L’accueil dans sa grande propriété cossue est roide. Marisa, sa compagne, peu engageante, se révèle aigrie et cassante comme le sont les êtres dominés, prompts à évacuer leur haine retenue sur la première bouc-émissaire venue. On ne sait si elle met en garde Petra par solidarité féminine ou pour protéger ses arrières et sa cage dorée. Toutes deux se regardent en chiens de faïence, guettant les pas du maître, jalousant l’attention qu’il pourrait porter à l'autre. Elles se reniflent mutuellement, jaugeant les failles de la potentielle adversaire, prêtes à dégainer leurs crocs. Elles pourraient tout aussi bien être deux alliées ou rivales piégées dans la maison de Barbe Bleue, chacune se demandant laquelle est la première capable de vendre la peau de l’autre pour épargner la sienne. Leur ton policé peine à cacher leur stratégie guerrière.

L’espace d’un souffle glacial, on songe avec effroi à quel point il est facile de passer du statut de victime à celui de tortionnaire. L’inconstance humaine nous glace les sangs. Quand Petra déclare rechercher la vérité dans l’Art, Marisa la questionne sur ceux qui mentent. Quand Petra affirme que l’argent ne l’intéresse pas, Marisa lui rétorque que la seule chose que Jaume peut lui apprendre est pourtant comment en gagner. De fait le grand artiste est en tous points un être détestable. Même son fils le décrira un peu plus tard comme un être hybride et cruel. Tous ceux qui surnagent dans l’aréopage du grand mâle dominant y tiennent un rôle ambigu et peu reluisant.

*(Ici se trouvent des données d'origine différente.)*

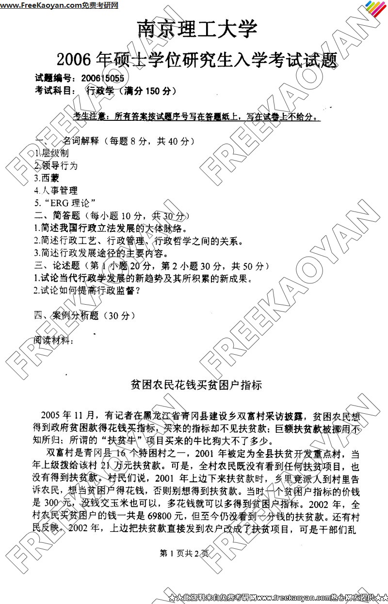 专业课考研经验 本站小编 FreeKaoyan 2018-01-23南京理工大学2006年考研真题-企业管理
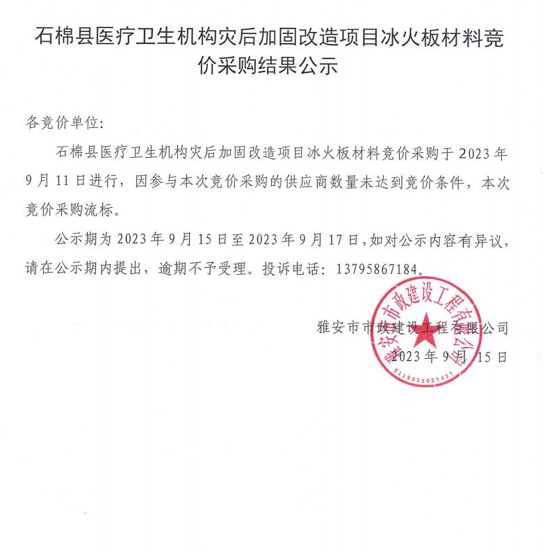 石棉縣醫(yī)療衛(wèi)生機(jī)構(gòu)災(zāi)后加固改造項(xiàng)目冰火板材料競價(jià)采購結(jié)果公示
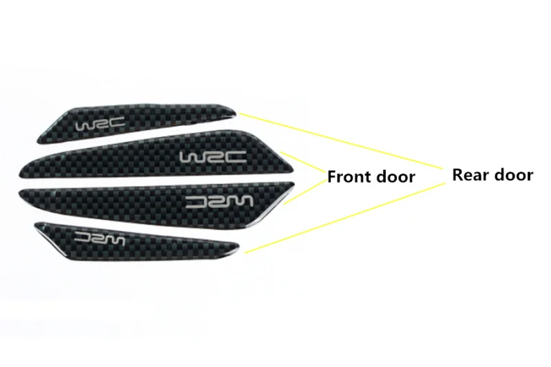 Горячая 4 шт автомобиля дверь потертости стикер WRC дляСпецификация: Состояние на 100% абсолютно новый, высокое качество Материал: натуральное углеродное волокно с импортной мягкой поверхностью из полиуретана Применение: Универсальный подходит для всех транспортных средств Черное глянцевое углеродное волокно Посылка включает: Один комплект (в том числе 4 шт.) автомобиля углеродного волокна протектор бампер наклейки
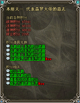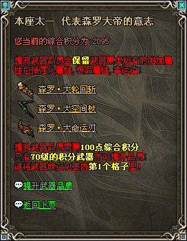 此次更新武器仍然以积分武器的形式推出,各位可在隐龙村至尊积分使者处进行兑换,闲话不多说,上属性图:
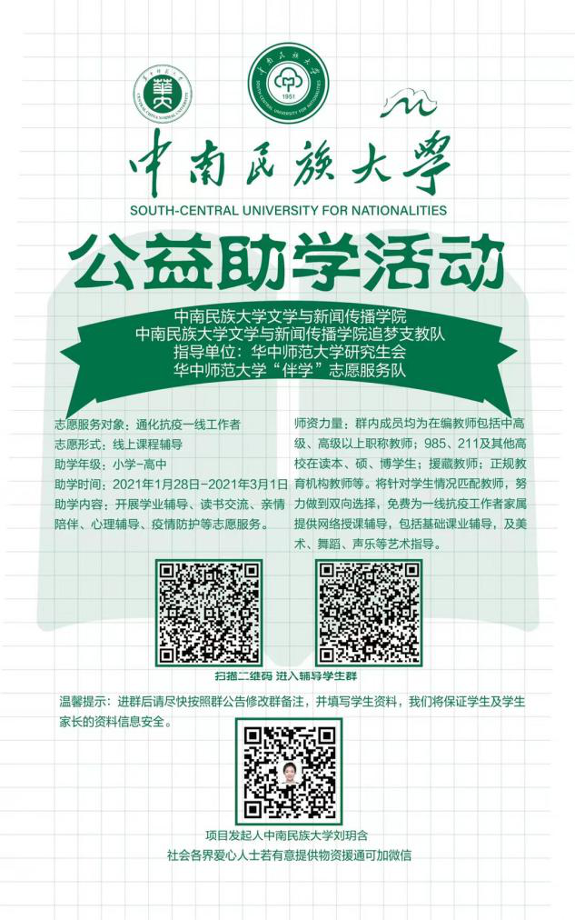在這一場一呼而百應的援通活動中,緊緊相依的同胞之心溫暖了大雪紛飛的通化。如同劉玥含一樣,個人的艱苦奮斗鑄就了感人的抗疫精神。疫情面前方顯勇毅,磨礪始得玉成。千磨萬擊還堅勁,越是艱險越向前。當問起劉玥含下一步的計劃時,她有力地說:“我希望做到以咱們中南民族大學為起點,集結更多湖北高校乃至全國高校同學的力量,援助通化和全國疫情地區。”

Pourtant Petra, obstinée, malgré les propos malveillants qui fusent de tous bords, va étonnement ne pas lâcher l’affaire, même si les mots que lui décoche Jaume sont choisis pour la blesser profondément. Petra est un personnage complexe, imprévisible, qui essaie de dissimuler son besoin de reconnaissance sous une assurance de façade. Que cherche-t-elle, qui est elle vraiment ? Elle semble courir aveuglément après un idéal inaccessible, comme animée par une forme de recherche identitaire, encore tout endolorie par la perte de sa mère. Progressivement les doutes s’invitent, vénéneux. Dans ce microcosme toxique, on se prend à douter de tout. On ne sait plus si on est dans la froide réalité alors même que chaque piste suggérée se distord constamment, fuyant la lumière sereine du jour. C’est trouble, hypnotique, tout à fait captivant…

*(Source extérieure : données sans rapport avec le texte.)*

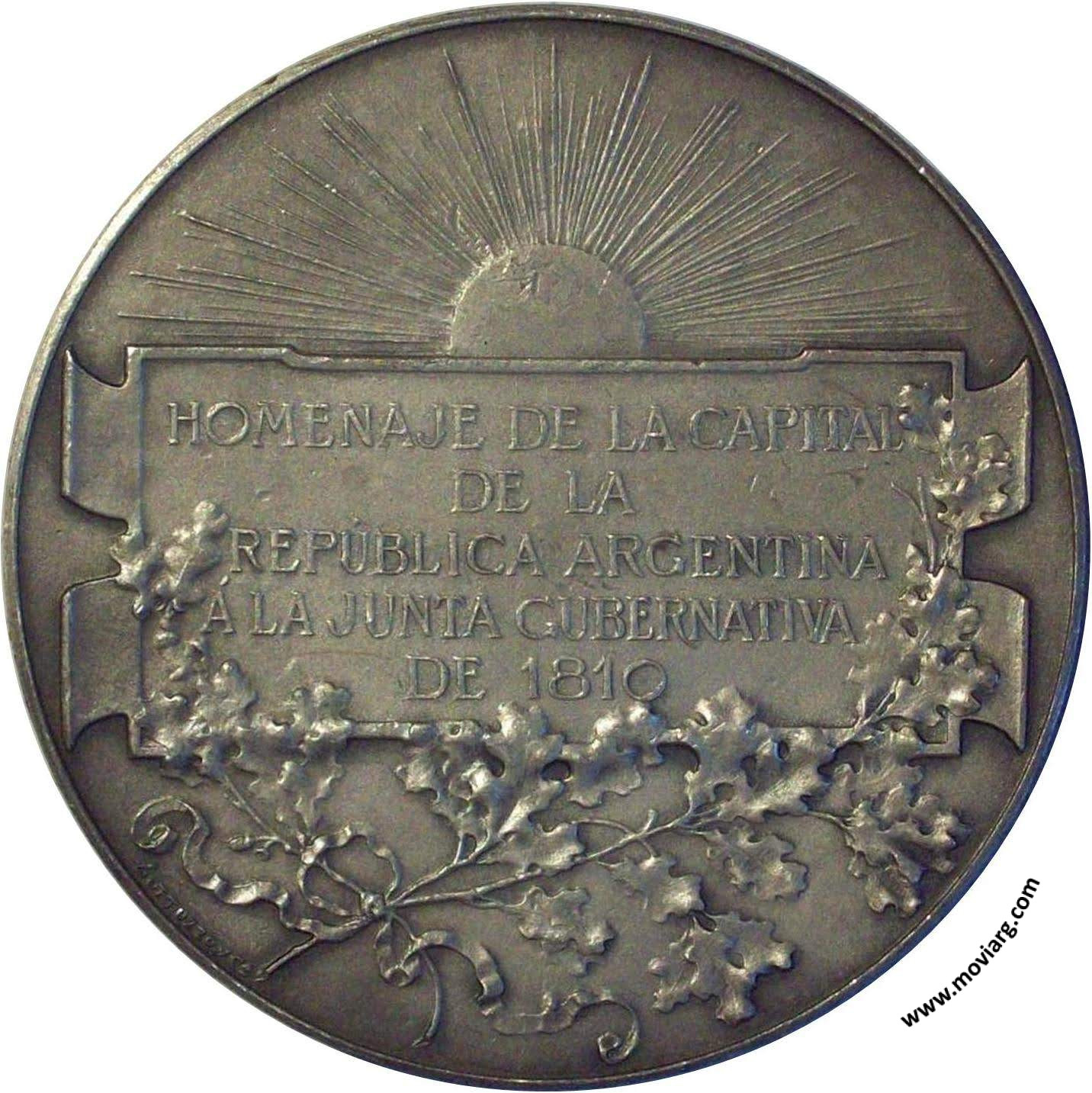 Anverso: MORENO / 25 DE MAYO 1910. Exergo: M. BLAY ESC. Reverso: HOMENAJE DE LA CAPITAL / DE LA / REPÚBLICA ARGENTINA / Á LA JUNTA GUBERNATIVA / DE 1810. Firma: GOTTUZZO Y CA. Canto: Liso. PLATA Referencia: | |
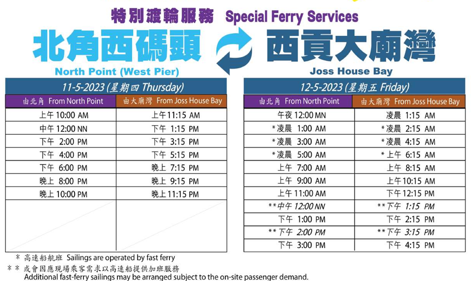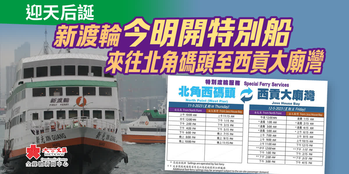 大公文匯全媒體報道,西貢大廟灣有本港現存最古老的天后廟,其建於南宋理宗時期,屬香港一級歷史建築,每逢天后寶誕都有大批善信前往參拜。新渡輪表示,會於天后誕前夕及正日,即今日(11日)及明日安排特別渡輪服務,往來北角碼頭及西貢大廟灣。
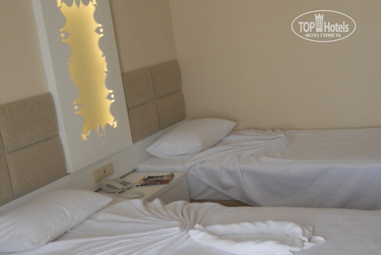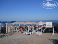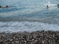 Пляж: до пляжа идти 5-7 минут, необходимо перейти 2 дороги. Дорога к пляжу идет мимо рынка, на котором можно приобрести фрукты (черешня 4-5$? клубника - 2$) и другие необходимые товары (тапочки, круги и прочее). Сам пляж маленький, узкий, галечный (!!!). Шезлонги новые, хватало всем. Под зонтиками мелкая галька, а ближе к морю галька крупнее. Море чистой, купающихся много, недалеко от берега плавают рыбки (кусаются:), так как с пирса их подкармливают хлебом). На пляже есть платный туалет(1$), душ и раздевалка. Собственного бара нет, но бармен с соседнего отеля предлагает напитки и еду. На пляже есть собственный "секьюрити", который следит за порядком на пляже и не пускает чужых на наши лежаки. Работает хорошо, не говорит по-русски. На ресепшене выдаются пляжные полотенца бесплатно и меняются раз в три дня.

Bárbara Lennie excelle dans le rôle-titre, tandis que les trop courtes apparitions de Marisa Paredes transpercent l’écran. Ensemble elles forment un duo impeccable qui progressivement s’impose, défie l’ordre établi. Le récit est orchestré de façon magistrale par Jaime Rosales (découvert il y a douze ans avec le très beau La Soledad), qui amène chaque retournement avec une précision millimétrée et une élégance folle.